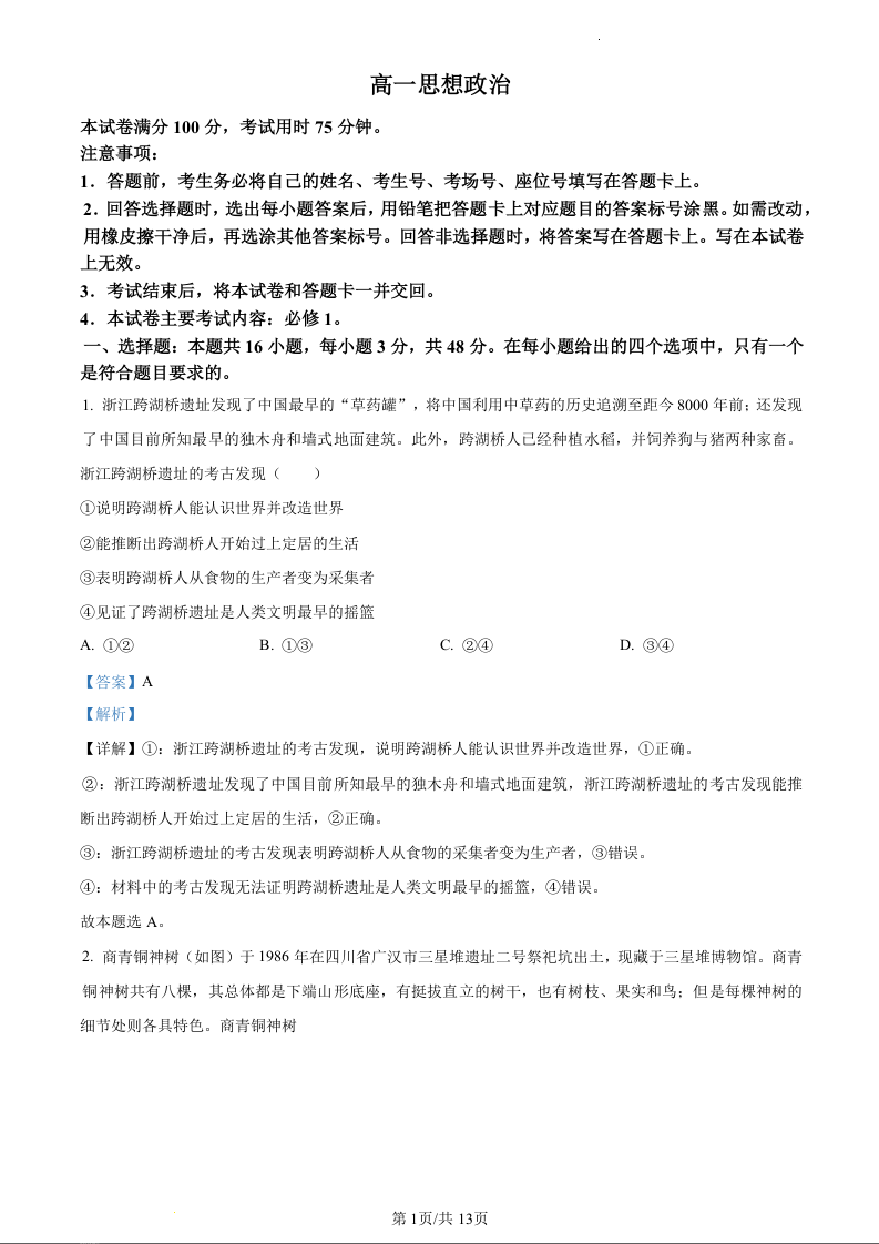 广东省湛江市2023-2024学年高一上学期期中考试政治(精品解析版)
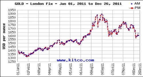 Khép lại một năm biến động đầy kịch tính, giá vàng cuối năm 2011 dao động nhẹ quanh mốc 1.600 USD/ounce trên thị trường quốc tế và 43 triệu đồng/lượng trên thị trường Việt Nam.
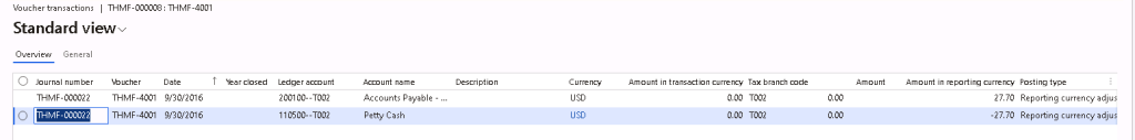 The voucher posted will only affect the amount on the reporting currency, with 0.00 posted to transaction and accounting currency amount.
---
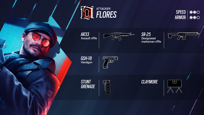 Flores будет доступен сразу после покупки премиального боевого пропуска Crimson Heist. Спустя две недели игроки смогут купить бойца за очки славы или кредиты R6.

INSTRUCTIONS FOR THE TASK:
Respond with the exact lines above running from the one containing "Khép lại một" to the one containing "The voucher posted", both ends kept and no pictures included.

EXERCISE OUTPUT:
 Khép lại một năm biến động đầy kịch tính, giá vàng cuối năm 2011 dao động nhẹ quanh mốc 1.600 USD/ounce trên thị trường quốc tế và 43 triệu đồng/lượng trên thị trường Việt Nam.
 The voucher posted will only affect the amount on the reporting currency, with 0.00 posted to transaction and accounting currency amount.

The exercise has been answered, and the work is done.